We could design a sequence of code like the following:
Const
STransfer = 'transfer';
SCheck = 'check';
SCard = 'card';
SCash = 'cash';
SPayMode = 'Pay mode';
SUnknow = 'unknown';
If pago=SCash then
...
If pago=SCheck then
...
If pago=SCard then
...
If pago=STransfer then
...
This would work, and -to be sincere- I wouldn't worry much about it. It's practical. Nevertheless, if we speak of more options (like for example 32 to give a number), it might become a bit uncomfortable and certainly little elegant.
The option of a case is -in this level- unusable, simply because it
requires ordinal types (integers, chars and enumerations). This allows
the case statement to be really efficient (unlike the "Case" of xBase
languages).
Improving the previous example we can go to:
If pago=SCash then
...
else If pago= SCheck then
...
else If pago= SCard then
...
else If pago= STransfer then
...
This change prevents that "n" checkings be done for an equal number of options, but, for the case of the last option -or even worse, the case in which the option be different from the expected ones-, "n" checkings are performed anyway.
The alternatives - order
The order seems to be the way. A sorted list is established and then a binary search is made (divide and conquer). Let us suppose that we have 32 elements: we divide in two sections of 16 elements and select, divide in two of 8 and select, divide in two of 4 and select, divide in two of 2 and select, and we choose the end. Total: 5 decisions (notice the fact that 2 to the 5th power is 32).
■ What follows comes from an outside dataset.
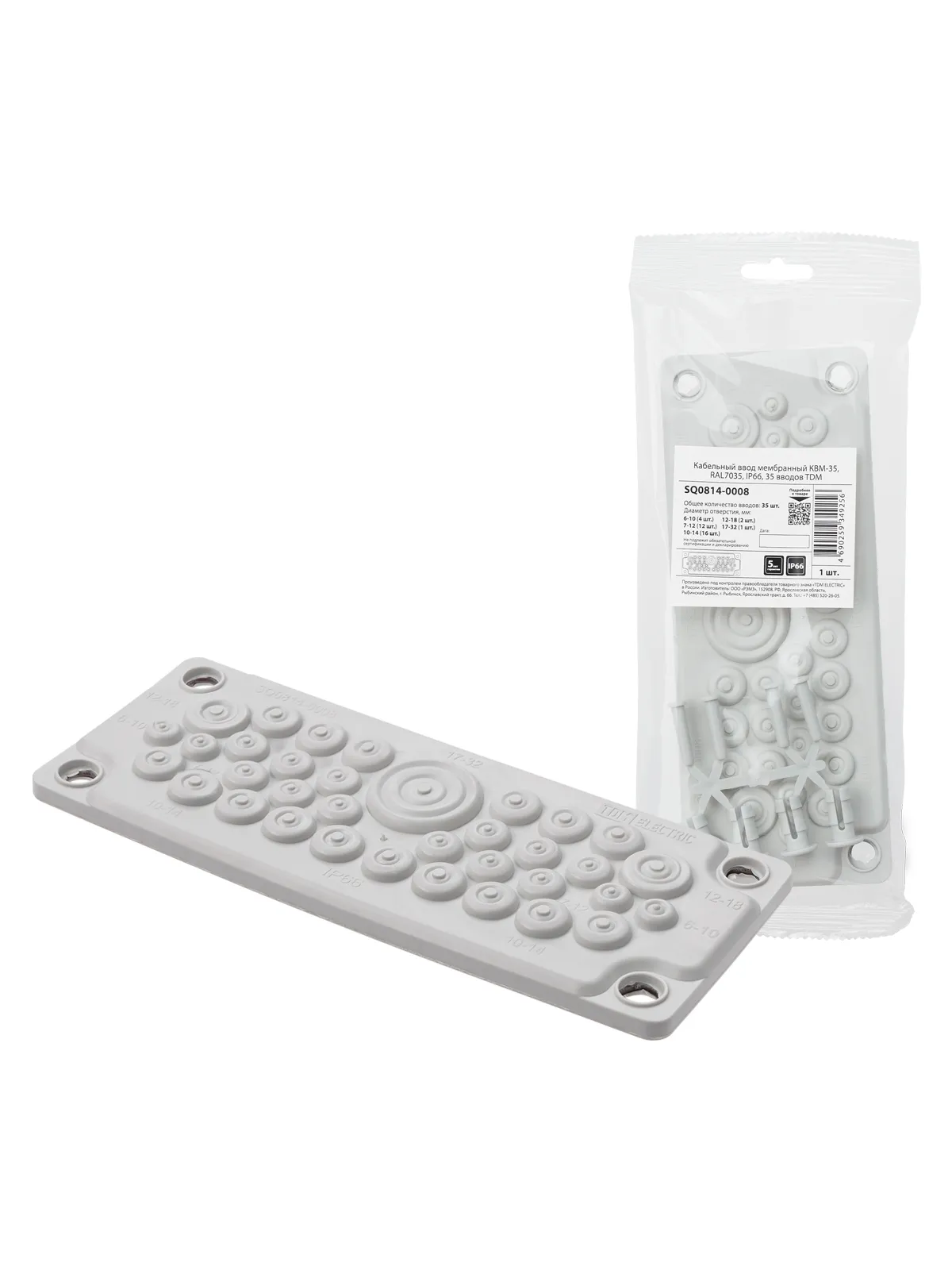 Кабельный ввод мембранный КВМ-35, ТЭП, RAL7035, IP66, 35 вводов TDM

Until now, the binary search guarantees us that for 32 options a maximum
of 5 (log N) checkings (in fact, 50% of the searches would be solved in
5 checkings, think about it). Nested if statements would yield
in an average of 16 checkings (n/2).
Closer to "case..of"
An idea that always appears, and that I have seen used, is to take the
first letter. For the initial example, this would let to us use
a case structure, but when arriving to the letter
or 'c' of 'cash', 'check' or 'card' in
English (or the 't' of 'tarjeta' and 'transferencia' in
Spanish) we would need at least to place an if or another case.
Another approach would be to create a function that gives us a number for an identifier. For example, I propose the following function:
Function IdentIndex(AIdent: String): integer;
Begin
Result := length(AIdent) + Ord(AIdent[3])
end
sCash 119 // in English
SCheck 106 // in English
SCard 118 // in English
STransfer 105 // in English
sCash 109 // in Spanish
SCheck 107 // in Spanish
SCard 121 // in Spanish
STransfer 110 // in Spanish
Now it's possible to use a Case:
Var
Ident : string;
begin
Ident := 'cash';
if InputQuery('Hash', SPayMode, Ident) then
case IdentIndex(Ident) of
109: ShowMessage(SCash);
107: ShowMessage(SCheck);
121: ShowMessage(SCard);
110: ShowMessage(STransfer);
else
ShowMessage(SUnknown);
end
end;
Pros and cons
The method is interesting due to the fact that reduces the number of necessary checkings to one. However now we have the overload of having to determine the suitable function that returns the indexes. An incorrect determination of this formula will introduce the following problems:
- Index repetition
- Scattered indexes
- Slowness in the evaluation of the formula
The last point is very obvious and thus I won't make comments about it.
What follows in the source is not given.